חדש באתר: NotebookLM עם כל תכני הרב מיכאל אברהם. דומה למיכי בוט.

Q&A: Secret Revenge

Back to list  |  🌐 עברית  |  ℹ About
This is an English translation (via GPT-5.4). Read the original Hebrew version.

Secret Revenge

Question

I’m asking in general, but my motivation is a very specific case that happened to me.
No worries—I’m not actually going to carry this out, so there’s no need to be afraid to give me a practical answer without knowing all the details.
Someone harmed me maliciously, in order to humiliate me—both financial damage, and physical pain, and also a lot of anger.
I can’t confront him directly because of the power imbalance.
I also can’t sue him because there’s no proof of anything, and it’s also not a large enough sum (around 250 shekels).
In short, there’s nothing I can do, and he’s laughing in my face.
And I’m very angry.
The question is this:
According to Jewish law, leaving aside the issue of civil law for the moment, generally speaking and without committing this to my specific case, am I allowed to take revenge on him secretly?
 
Scratch his car
Throw a rock through his window
Make a hole in his pipe
Uproot trees in his yard
Smear poster paint on the clothes hanging on his line
Harass him with phone calls and emails and threaten him 
Spread false rumors about him in the neighborhood
Cut off his electricity from time to time
And if necessary, I have a few more ideas

If something like this is permitted, when there’s no other option, and when the retaliation is reasonable—then fine.
If something like this is forbidden, then I don’t understand something: what can a person do when someone stronger than him harms him maliciously, but there’s no way to bring witnesses and things like that? 
 
Thank you

Answer

This is a complicated question, and I can’t give a general answer to it. As a rule, there is no permission to cause damage gratuitously even if you were harmed. At most, a person may take the law into his own hands—that is, take money from him in the amount of the damage he caused you. But even here there are limitations (some opinions hold that this is permitted only if you can prove the matter in religious court).

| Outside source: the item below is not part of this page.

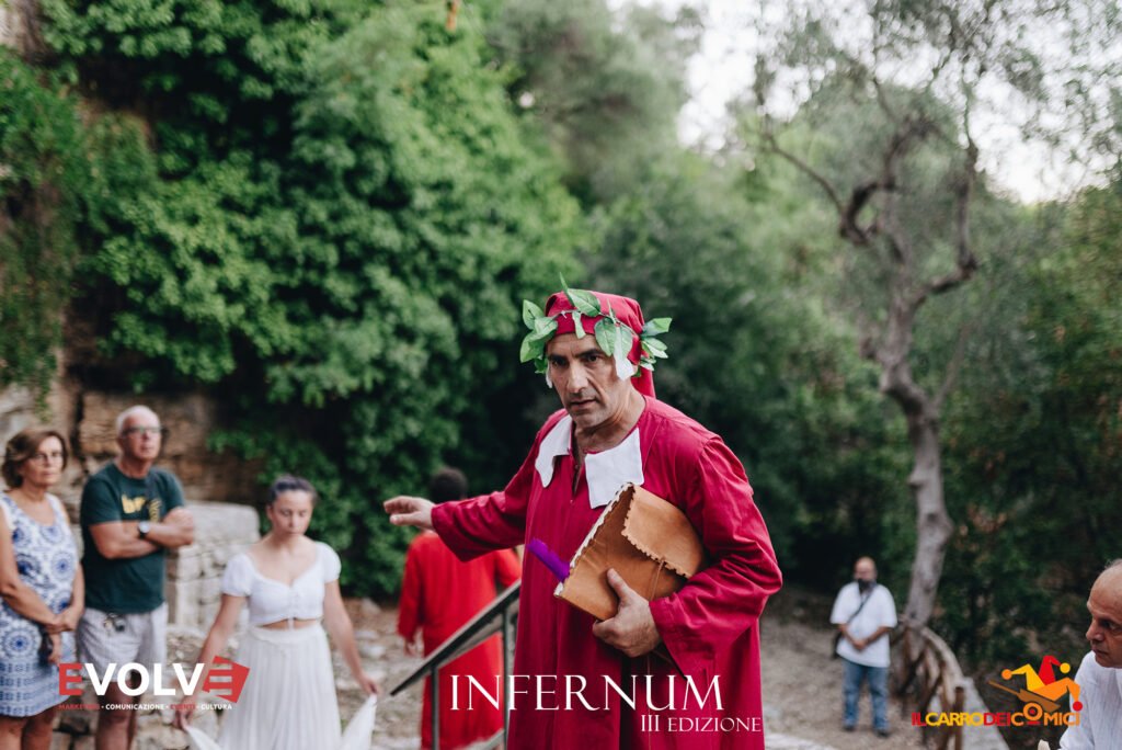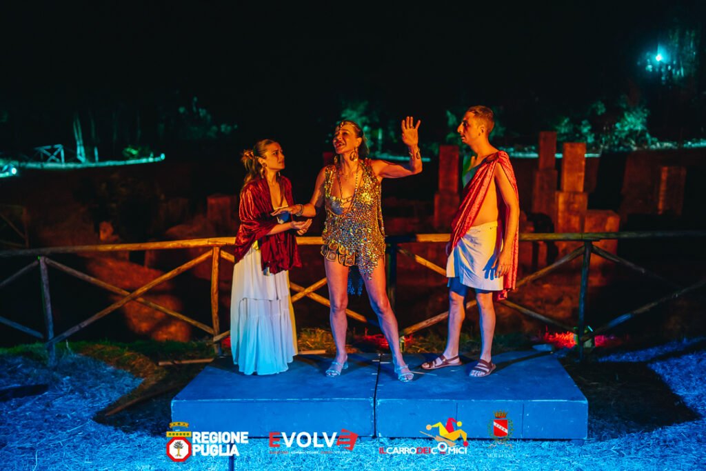 Il Pulo diventa scenario e complice di una narrazione poetica; non solo sfondo ma sostanza e palcoscenico naturale nel quale il pubblico potrà incontrare personaggi-archetipi come Caronte, Paolo e Francesca, Conte Ugolino, Minosse, Ulisse e con la straordinaria partecipazione nelle vesti di Cleopatra di Eva Robbin’s.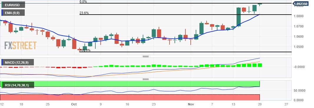 20 Nov 2023 欧元/美元价格分析:上升至1.0920附近,因预计美联储将结束加息 100 欧元/美元延续连涨,于周一亚市交投于三个月高点1.0920附近。该货币对似乎逼近1.0950附近的短期阻力位,因为美联储可能结束加息周期令美元面临压力。 若升破后者,可能支持多头指向下一个障碍1.1000的心理水平,然后为8月高点1.1064。 技术指标支持欧元/美元持续上涨。14天RSI位于5 标题:欧元/美元价格分析:上升至1.0920附近,因预计美联储将结束加息 地址:www.shudhfilmynews.com/article/17391.html

If you mean doing the act in order to prevent the damage before it occurs, that is permitted, in a proportional way.

Discussion on Answer

Questioner (2023-04-03)

Even in cases where it’s permitted to take money equal to the damage he caused, is it still forbidden to damage him by that same amount? What’s the logic?

Michi (2023-04-03)

The logic is obvious. You’re not responsible for punishing him. At most, you can take what is yours or make sure he pays you. Simply harming him is not within your authority.

Questioner (2023-04-03)

Not punishment but collection—I collect from him the money he has to give me and throw the money into the sea. And to shorten the process, I just damage him and that’s it. That way it balances out. Why is it any of his business in what form I choose to reduce his assets—by having him give it to me or by damaging him?

Michi (2023-04-03)

That’s hairsplitting. Once the money is in your hands, throw it into the sea if you want.